Which clustering algorithm is suitable for one-dim

2019-05-27 04:32发布

问题:

I have a one dimensional List like this

public class Zeit_und_Eigenschaft
{
    [Feature]
    public double Sekunden { get; set; }
}

//...
List<Zeit_und_Eigenschaft> lzue = new List<Zeit_und_Eigenschaft>();
//fill lzue

lzue can be

lzue.Sekunden
1
2
3
4
8
9
10
22
55
...

Goal is to find clusters in that list, ie elements that could form groups like f.i. in this example

lzue.Sekunden
1
2
3
4

8
9
10

22

55

Which clustering algorithm is suitable(I don't know the number of clusters k)? GMM? PCA? Kmeans? Other?

回答1:

Don't look for clustering algorithms.

Clustering is a good term for multivariate data, but your data is one-dimensional, so you should look at much older statistics literature. E.g. Natural Breaks optimization.

Or just kernel density estimation. In fact, you will find the very same question dozens of times here on stackoverflow already...

1D Number Array Clustering

Cluster one-dimensional data optimally?

partitioning an float array into similar segments (clustering)
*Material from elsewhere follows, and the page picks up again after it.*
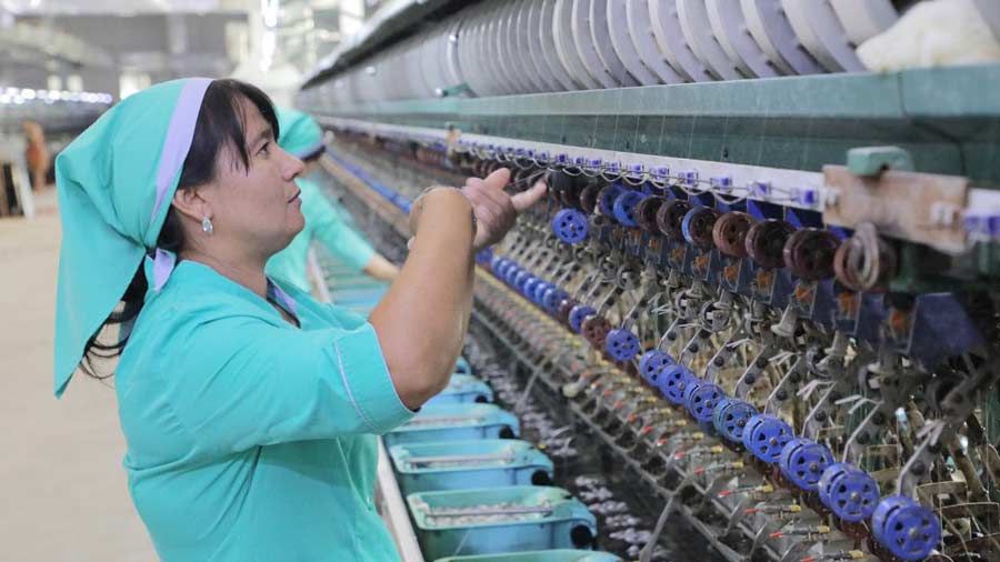 В прядильном цехе шелковые нити в автоматическом режиме наматываются на барабаны. Прядильщицы Лола Таганова, Нигора Ахмедова, Назокат Тошпулатова, Абдугул Чубаева, Муштарий Холбоева внимательно следят за тем, чтобы на каждый барабан наматывалось не более положенного объема пряжи. В лаборатории предприятия также трудятся опытные сотрудницы Дилдора Шарипова, Дилбар Турсоатова, Дилдора Мирзаева. Они проверяют качество шелковых нитей на чистоту, соответствие стандартам, устойчивость к разрывам.

Efficiently grouping similar numbers together

Clustering values by their proximity in python (machine learning?)



回答2:

There was a good article in MSDN magazine on this topic a few months ago. They used the k-means algorithm. Link:

http://msdn.microsoft.com/en-us/magazine/jj891054.aspx

Also, there are some videos on k-means clustering as part of Andrew Ng's online machine learning class. Link:

https://class.coursera.org/ml-003/lecture/preview

When you don't know k, there are some algorithms to search for a good value. Do a web search for k-means + elbow.